Social Security Retirement Age Changed This Year – What You Need To Know

Millions of Americans planning for retirement need to pay close attention to one important Social Security rule: full retirement age. While benefits can still begin as early as age 62, claiming early can permanently reduce monthly payments.

The change matters because Social Security is a major source of income for many retirees. Understanding the difference between early benefits, full retirement age and delayed benefits can help older Americans make better financial decisions.

What Is Full Retirement Age?

Full retirement age, often called FRA, is the age when a person becomes eligible to receive 100% of their Social Security retirement benefit. This amount is based on a worker’s earnings history and is sometimes called the full benefit amount.

For many years, full retirement age was 65. However, changes made through the Social Security Amendments of 1983 created a gradual increase in the retirement age.

The goal was to adjust the program as Americans lived longer and spent more years in retirement. Now, for anyone born in 1960 or later, full retirement age is 67.

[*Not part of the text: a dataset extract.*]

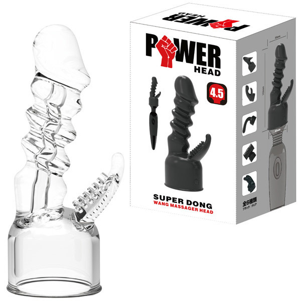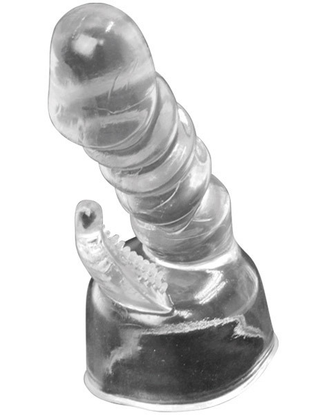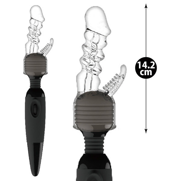 ●ヘッド直径4.5〜5.2cmの電マにセット●清潔感漂うクリアカラータイプ●先端が張り出したバイブ風ボディ●波打つ凹凸竿で挿入にアクセント●クリトリス刺激のブラシ突起付き●同型の黒色タイプ(

Social Security Full Retirement Age By Birth Year

The full retirement age depends on the year a person was born. Here is the current schedule:

  • People born from 1943 to 1954 reach full retirement age at 66.
  • Those born in 1955 reach it at 66 years and 2 months.
  • People born in 1956 reach it at 66 years and 4 months.
  • Those born in 1957 reach it at 66 years and 6 months.
  • People born in 1958 reach it at 66 years and 8 months.
  • Those born in 1959 reach it at 66 years and 10 months.
  • Anyone born in 1960 or later reaches full retirement age at 67.

This is the final scheduled increase under current law. Unless Congress changes the rules, the full retirement age will not continue rising automatically.

Why Claiming At 62 Can Be Costly

Social Security allows people to start claiming retirement benefits at age 62. However, early claiming comes with a permanent reduction.

Those who claim before full retirement age may see their monthly benefit reduced by as much as 30%. This lower amount generally continues for the rest of retirement.

For people who need income immediately, claiming early may be necessary. But for those who can wait, delaying benefits can lead to a larger monthly check.

Waiting Longer Can Increase Benefits

Retirees who wait beyond full retirement age may receive delayed retirement credits. These credits can increase benefits by about 8% for each year of delay after FRA.

The increase stops at age 70, meaning there is usually no extra benefit to waiting beyond that age. For people in good health or those expecting a longer retirement, delaying benefits may provide more financial security later in life.

Why This Rule Matters For Retirement Planning

The full retirement age change is important because it affects how much money retirees receive every month. A person who claims at 62 may get smaller payments for many years, while someone who waits until 67 or 70 may receive a higher monthly income.

Before claiming, workers should review their expected benefits, retirement savings, health needs, job situation and household budget.

Social Security’s full retirement age has now reached 67 for people born in 1960 or later. While benefits can still begin at 62, early claiming can permanently reduce monthly payments.

Waiting until full retirement age protects the full benefit, while delaying until age 70 can increase monthly income.

For retirees planning their next step, understanding this rule is essential before making a Social Security decision.